Sams club has a 3 pack of grill cleaner that is strong oven cleaner in pump spray bottles
 That gets everything including the paint.

Sent from my SAMSUNG-SGH-I337Z using Tapatalk


----------



## Andre (Sep 17, 2015)

Just don't fall in the pool! 20 amps of battery charger goodness has gotta hurt.


----------



## middle.road (Sep 17, 2015)

It'll work well. De-grease it beforehand and toss it in. Pressure wash it after it comes out and coat it with some light weight oil, ISO32 works well, else dry it right away, and prime it.
I did all the leafs for the Jeep springs in a barrel plus a bunch of other odds and ends and the only time I ended up with rust was when I brought the pieces into the garage that night and let them sit until the next evening.
Hunt for my posting (if it made over during the migration) on it. I used a 30 gallon plastic drum and a battery charger.

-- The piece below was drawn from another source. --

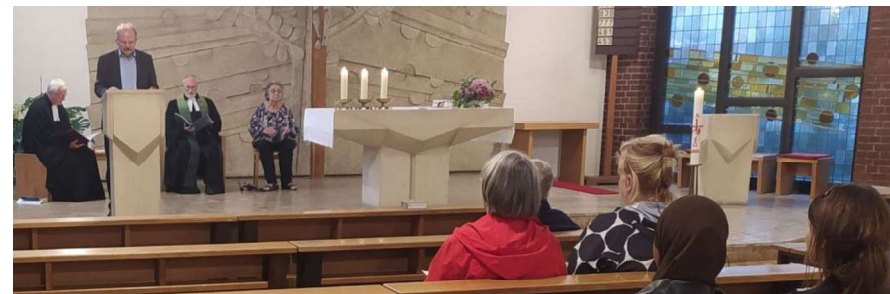
Ökumenischer Gottesdienst zu den Interkulturellen Tagen in Marzahn-Hellersdorf am 17. September 2024

Die nächste ACK-Sitzung ist für November 2024 geplant.

On the painted items I put in it, all the paint came right off when I hit it with the pressure washer.

WDNich sent me a link on modifying a 300w computer power supply, so that's next on my list for it.


----------



## MozamPete (Sep 18, 2015)

middle.road said:


> I did all the leafs for the Jeep springs in a barrel plus a bunch of other odds and ends and the only time I ended up with rust was when I brought the pieces into the garage that night and let them sit until the next evening.



Did you have any trouble with the leaf springs afterwards? I had heard you shouldn't use electrolysis on springs (small ones anyway) as it can lead to hydrogen embrittlement and cause them to snap.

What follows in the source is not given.